BUILDING CORE STRENGTH.
Building your core strength isn’t about doing just crunches.
If you’ve ever been told to “do more crunches” to strengthen your core, you’re not alone.
Crunches have long been seen as the go-to abdominal exercise. But in reality, they are not the most effective and for many people with back pain, neck tension, or poor posture, they can actually make symptoms worse.
At JY Exercise Physiology, I teach people how to build real, functional core strength without ever doing a single crunch.
Because your core is not just about your abs. It’s about how well your body stabilises, transfers force, and protects your spine during everyday movement.
What Is Your “Core” Really ?
Your core includes much more than the front abdominal muscles.
It involves:
Deep abdominal muscles (transversus abdominis)
Obliques (side abdominals)
Lower back muscles
Glutes
Diaphragm
Pelvic floor
These muscles work together to support your spine when you:
Walk
Lift
Carry
Sit
Bend
Exercise
Core strength is about control and endurance, not repetitive bending of the spine.
Why Crunches Are Not Ideal for Many People
Crunches involve repeated spinal flexion (bending forward), which can:
Irritate the lower back
Strain the neck
Reinforce poor posture
Fail to train the core in a functional way
They also don’t teach your core how to stabilise during real-life activities.
This is why many people do hundreds of crunches and still have back pain or feel “weak” through their trunk.

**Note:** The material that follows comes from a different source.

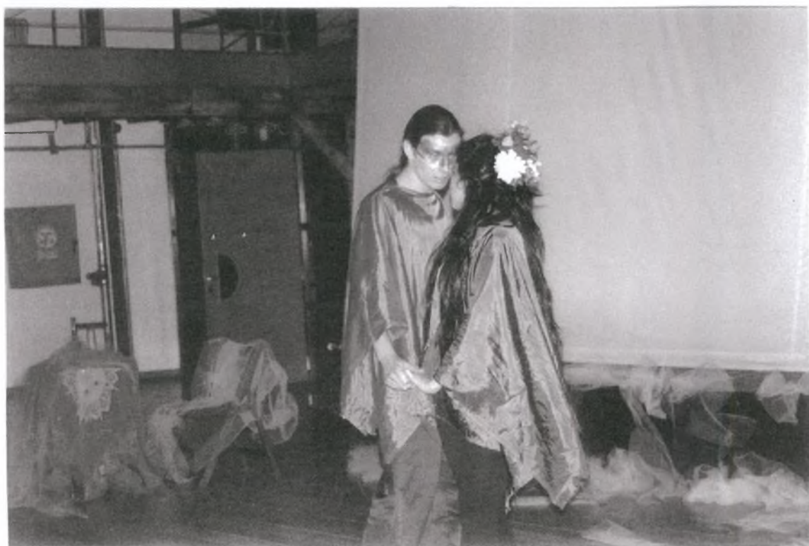
2. Έρωτας να πλανιέται...

The Exercise Physiology Approach to Core Strength
I focus on teaching the core to:
Resist movement, not create it.
This builds strength that protects your spine during daily tasks and exercise.
Safe and Effective Core Exercises (No Crunches)
1. Dead Bugs
Lie on your back, arms and legs raised
Slowly lower opposite arm and leg
Keep lower back gently pressed into the floor
This teaches deep abdominal control.
2. Bird Dogs
On hands and knees
Extend opposite arm and leg
Keep hips and shoulders level
Improves spinal stability and balance.
3. Glute Bridges
Lie on back, knees bent
Lift hips upward
Squeeze glutes at the top
Strengthens glutes and supports the lower back.
4. Side Planks
Support body on one forearm and feet
Keep body straight
Targets obliques and lateral core stability.
5. Pallof Press (with band)
Stand holding a resistance band
Press arms straight out
Resist rotation
Excellent for teaching the core to resist twisting forces.
6. Farmer’s Carries
Hold weights at your sides
Walk slowly and upright
Trains real-world core stability.
7. Squats and Split Squats
These are powerful core exercises because your trunk must stabilise while your legs move.
Who Benefits Most from Crunch-Free Core Training ?
This approach is ideal for people with:
Lower back pain
Neck tension
Poor posture from desk work
Previous spinal injuries
Hip and pelvic instability
Post-pregnancy core weakness
Beginners starting exercise safely
Signs Your Core Needs Strengthening
Lower back tightness after standing or walking
Poor balance
Slouched posture
Difficulty lifting or carrying
Feeling unstable during movement
How Exercise Physiology Helps Build Core Strength Safely
At JY Exercise Physiology in Upper Mount Gravatt, I assess:
Your posture
Movement patterns
Strength imbalances
Back and hip control
Then design a personalised program that builds core strength safely and progressively. I work with clients under private health, Medicare, DVA, WorkCover QLD, and NDIS.
You don’t need crunches to build a strong core. You need exercises that teach your body to stabilise, protect your spine, and support movement. That’s what real core strength looks like.